Sakatlanma ile ilgili gerçekleri keşfedin!
Bazı sakatlanmalara sevgili Dr. Google çare olmaz. Kayropraktik Uzmanı Dr. Steven Lockstone, “Yürürken bile canınız acıyorsa ya da yaşadığınız ağrıyı hafifletmek için üç dört günden uzun süre ağrı kesici almak zorunda kalıyorsanız, bir uzmandan yardım alma zamanınız gelmiştir” diyor.
YAVAŞ YAVAŞ GERİ DÖNÜN
Sakatlanmadan önceki koşu mesafenizin yüzde 40’ını koşın. Söz gelimi 10 km koşuyorsanız, iyileştikten sonra başlangıç olarak dört kilometre koşun. Ve her hafta mesafenizi yüzde 10 oranında artırın ki durumunuz kronik sakatlığa dönüşmesin.
KENDİ KOŞU STİLİNİZ OLSUN
Kendi doğal koşu stilinizi olimpik atletlere benzetmeye çalışmayın. Lockstone, “Vücudunuz koşmaya nasıl tasarlandıysa o şekilde koşun. Birini taklit etmeye çalışırsanız sakatlanma riskinizi arttırırsınız” diyor. Koşarken çok büyük adımlar atmaya çalışmak da sakatlanma riskinizi arttırır. Onun yerine daha kısa ve hızlı adımlar atmaya çalışın.
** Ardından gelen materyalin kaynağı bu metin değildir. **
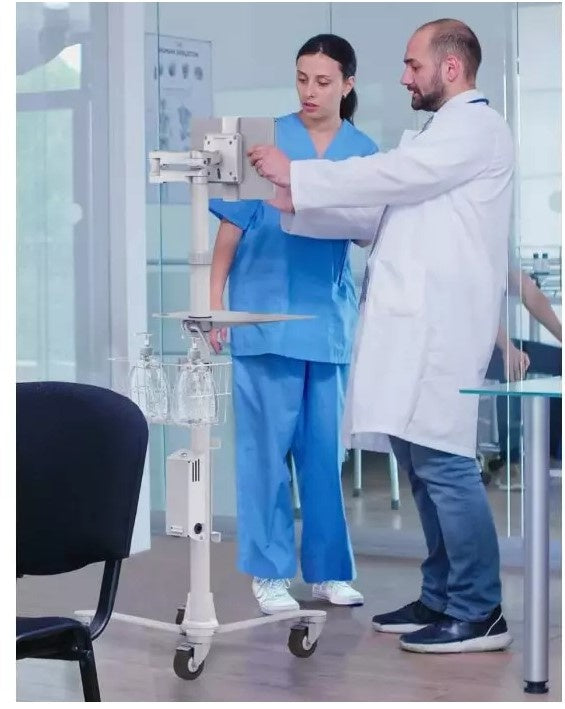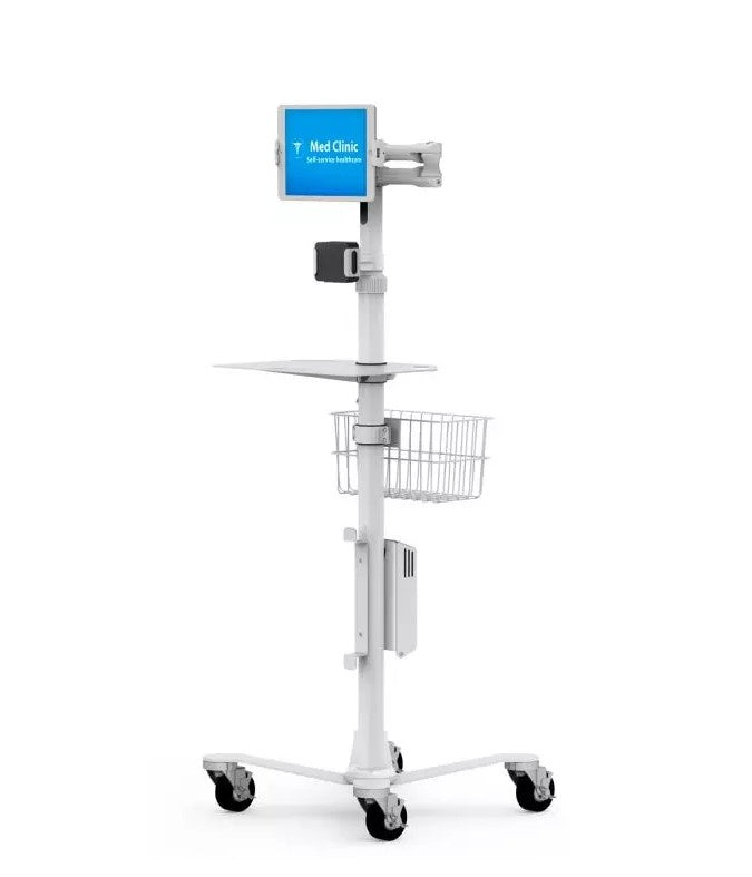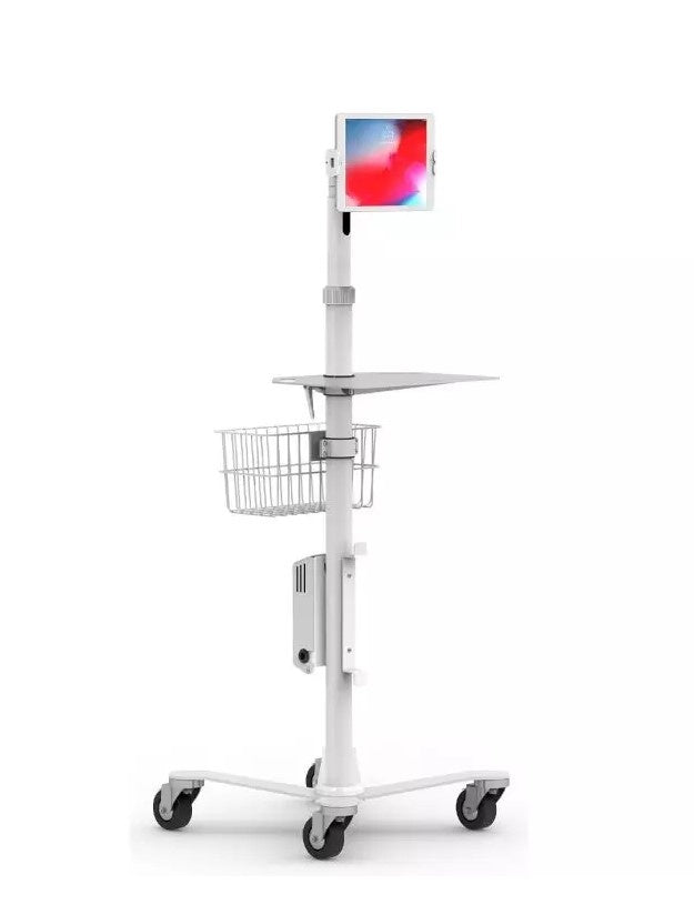 Dit is een veelzijdig rollend werkstation, perfect voor het integreren en implementeren van tablets/schermen in een verscheidenheid aan mobiel verbonden omgevingen. - Ziekenhuis en kliniek medische kar / werkstation - Magazijn- of winkelwerkstation, houd eenvoudig de voorraad in de gaten en bied klantenservice in de winkel - Bezoekersregistraties en inchecken voor beurzen en evenementen - Vrijstaande mobiele kassaterminal voor drukke winkelevenementen en vakanties - Tijdelijke kantoorwerkplek voor drukke kantoren of alternatief voor het traditionele bureau - Mobiel podium voor lezingen, religieuze diensten, muziekuitvoeringen en conferenties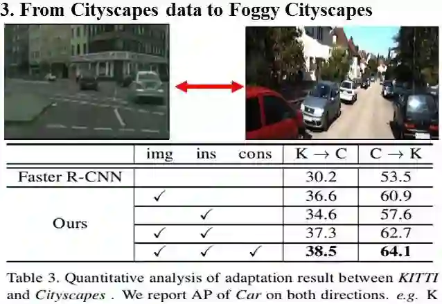 从上图可以发现,左图是Cityscape数据集,右图是KITTI数据集,通过本文的域适配,无论是Cityscape到KITTI还是从KITTI到Cityscape,检测器都有显著提升。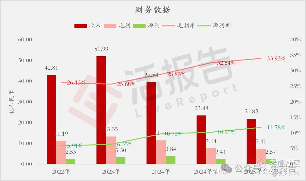 收入分别约为人民币42.81亿、51.99亿、39.54亿、23.48亿、21.83亿,2025年前9月同比-7.02%;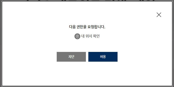 그러기 때문에, 해당 홈페이지에서는 위치 기반 서비스를 이용 할 수 있도록 현재 사이트에 접속한 PC 기준에 위치를 확인하여 활용 할 수 있는 권한 여부를 선택 하도록 합니다.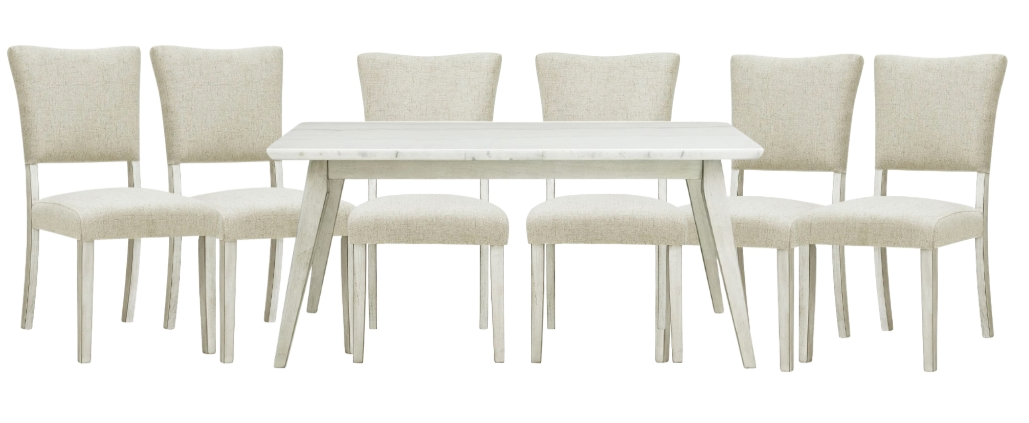 A dining set that is simple in beauty and provides a touch of contemporary style. The table pairs a light wood finish with a beautiful white top marble for the perfect touch of airiness. Each chair is upholstered with a clean white fabric and filled with foam to provide a comfortable seat and backrest.Read More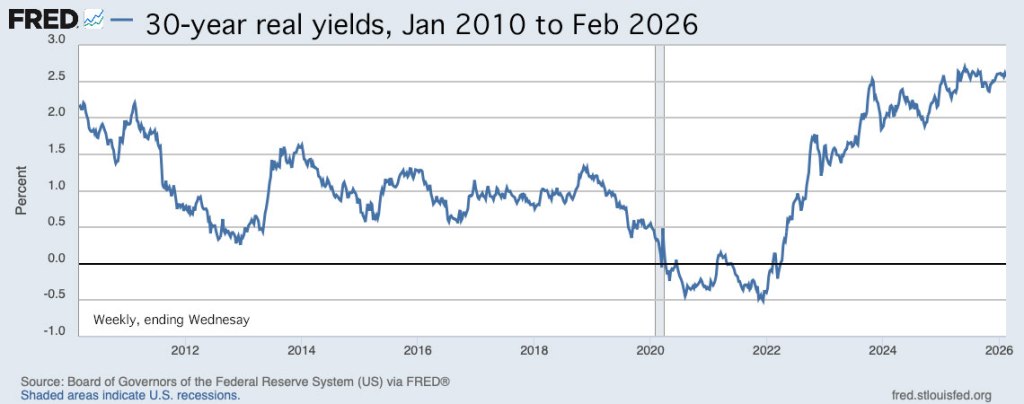 Here is the trend in the 30-year real yield over the last 16 years, showing the massive move higher since the Federal Reserve ended quantitative easing in 2022 and began raising short-term interest rates. During that time, federal deficits have also increased substantially.

AĞIRLIK EGZERSİZLERİ YAPIN
Spor Hekimi ve Fitness Eğitmeni Jordan Metzl, “Kardiyo egzersizlerini arttırmış olmanız çok güzel fakat direnç çalışmaları yapmaya da devam ediyor olmanız gerek” diyor ve ekliyor; “Bu egzersizler hareket zincirinin (kaslar, kemikler, tendonlar ve bağ dokularını birbirine bağlayan sistem) düzgün bir formda işlevini sürdürmesine yardım eder. Kalça ve pelvis bölgenize odaklanarak yaptığınız ağırlık egzersizleri
ile sakatlanma riskini önlemiş olursunuz. Basit yoldan güçlenmek için direnç bandını ayaklarınıza geçir ve her iki bacakta 3’er set ve 10 tekrar olmak üzere yana doğru adımlar atın.